The efficacy of RS-25259, a long-acting selective 5-HT3 receptor antagonist, for preventing postoperative nausea and vomiting after hysterectomy procedures.

J Tang1, R D'Angelo, P F White, P E Scuderi.   

Abstract

UNLABELLED: We evaluated the safety and efficacy of RS-25259, a potent and long-acting selective 5-HT3 receptor antagonist, for the prevention of postoperative nausea and vomiting (PONV) in women undergoing hysterectomy procedures. In this randomized, double-blind, placebo controlled, dose-ranging study, 218 healthy, consenting women were assigned to one of the six treatment groups: placebo or RS-25259 0.1, 0.3, 1.0, 3.0, or 30 microg/kg. All patients underwent a standardized general anesthetic technique. The study medication was administered i.v. 20-30 min before the end of surgery. During the initial 24-h period after surgery, the incidence of vomiting, the need for rescue antiemetics, the time to the first episode of emesis, and administration of rescue antiemetic medication, as well as a nausea visual analog scale and verbal categorical scale scores were recorded. In addition, recovery times from the end of anesthesia and the incidences of perioperative side effects were noted.
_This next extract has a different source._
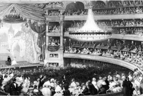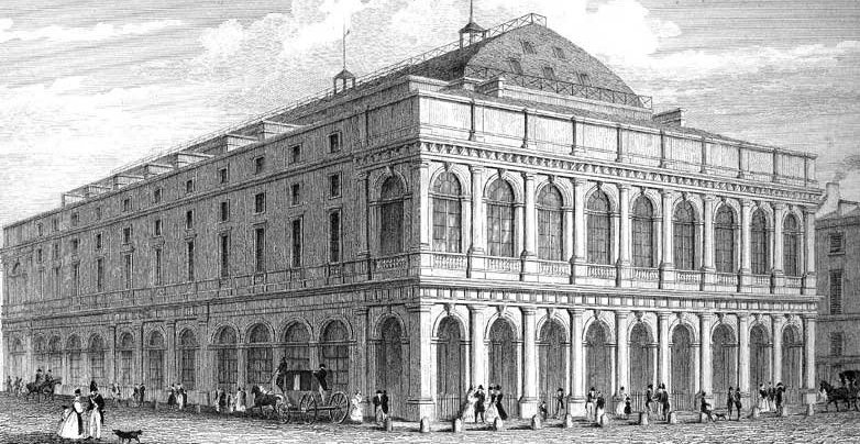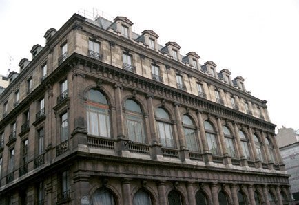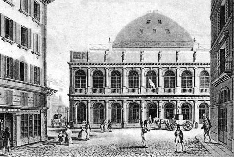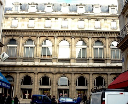 La salle Ventadour ancienne salle de l’Opéra comique inaugurée en 1829 est l'Œuvre des architectes Jean-Jacques Huvé et Louis de Gerchy. Suite à l'incendie de la Favard en 1838 la troupe des italiens s’installe dans la salle en octobre 1841 ; elle prend le nom de Théâtre-Italien. En 1878, la Banque d’Escompte achète le bâtiment et le transforme en bureaux. En 1882, la banque de France en fait l’acquisition et le destine à une salle de sport et une cantine pour ses employés. De style néo-classique, la façade, inspirée de Palladio, est rythmée par des arcades encadrées de colonnes doriques ou ioniques.

Only 30 microg/kg RS-25259 significantly decreased the incidence of vomiting and the requirement for rescue antiemetics. The largest dose of RS-25259 also delayed the time to the first emetic episode and reduced the number of treatment failures. However, no differences were found in the severity of postoperative nausea (versus saline), and postoperative headaches were more common after the administration of RS-25259 0.3-30 microg/kg i.v. In conclusion, RS-25259 30 microg/kg i.v. was effective in reducing the incidence of PONV after major gynecologic surgery, but the occurrence of headaches with the larger doses of RS-25259 is a concern. IMPLICATIONS: RS-25259, a long-acting 5-HT3 antagonist, was effective in reducing postoperative vomiting only at the largest dose studied (30 microg/kg). However, RS-25259 had no antinausea activity, and the larger doses were associated with an increased incidence of headaches in the postoperative period.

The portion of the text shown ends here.